If you were expecting Apple’s Watch to arrive with killer aesthetics and design that clearly stands out against existing wearables, you’ll be sorely disappointed. Today Apple took the veil off the $349 Apple Watch and honestly, it’s not nearly as stylish as you might think.
Instead, we are presented with a square watch that looks close to what we’ve already seen from Android Wear and even earlier devices before that. Sure, there’s stainless steel and sapphire glass, but it’s hard to call this thing beautiful when pitted against the Moto 360 or even devices like the ZenWatch. That said, it does appear to be a bit smaller than AW devices, more along the lines of the Pebble at least judging by first glance. There’s also quite a few bands to customize the look of the device.

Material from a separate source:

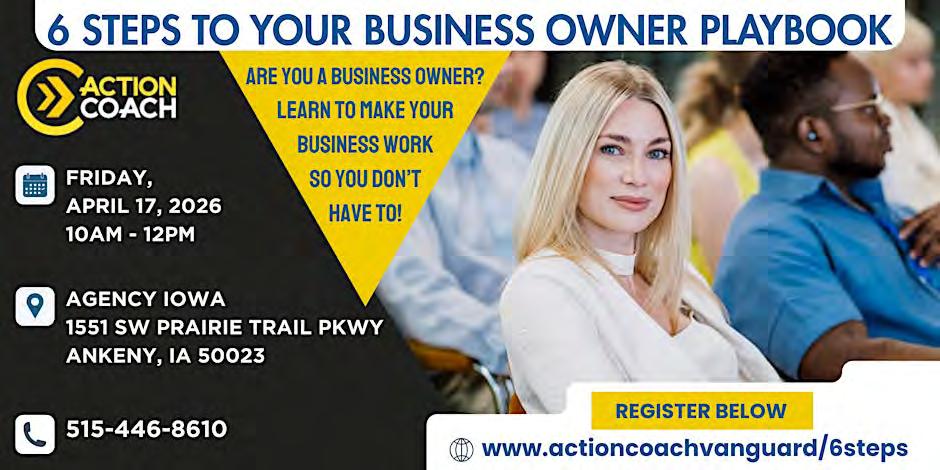 ActionCOACH VanguardApril 6 Steps to Your Business Owner Playbook 10:00 AM - 12:00 Noon 551 SW Prairie Trail Pkwy

One of the more ‘unique’ outer elements is the “digital crown”, a side dial that looks somewhat like we’ve seen on the G Watch R but is used to control zoom in and zoom out within various apps. There’s also a home button on the side. It is worth noting that, like the Moto 360, the Apple Watch does feature wireless inductive charging.
As for the software? The usual suspects are present here, such as a calendar, fitness, calling, messaging, navigation, Siri integration and more. Unlike Android Wear, the screen apparently isn’t always on, and instead you lift your wrist up to wake the screen (similar to what we’ve seen from Samsung). Interestingly enough, Apple also seems to be pushing customization here (ironic considering iOS) with things like allowing you to tweak watch faces to add specialized functions like stock quotes, weather updates, stopwatches and more to the faces. Apple also says WatchKit will soon arrive as well, a dev kit so developers can send notifications to your wrist and more.
We will be putting together an “Apple Watch vs Android” piece shortly (likely to release late tonight or tomorrow sometime) that will go into more details about how the new Apple Watch stacks up against Android Wear, but in the meantime you can find out all the details about the device directly from Apple’s website.
In the meantime, we have to ask, based on what you’ve seen so far — find yourself impressed by the Apple Watch or not? Will this “put wearables on the map” like some have claimed or does Android Wear have a greater chance at making a real impression among consumers?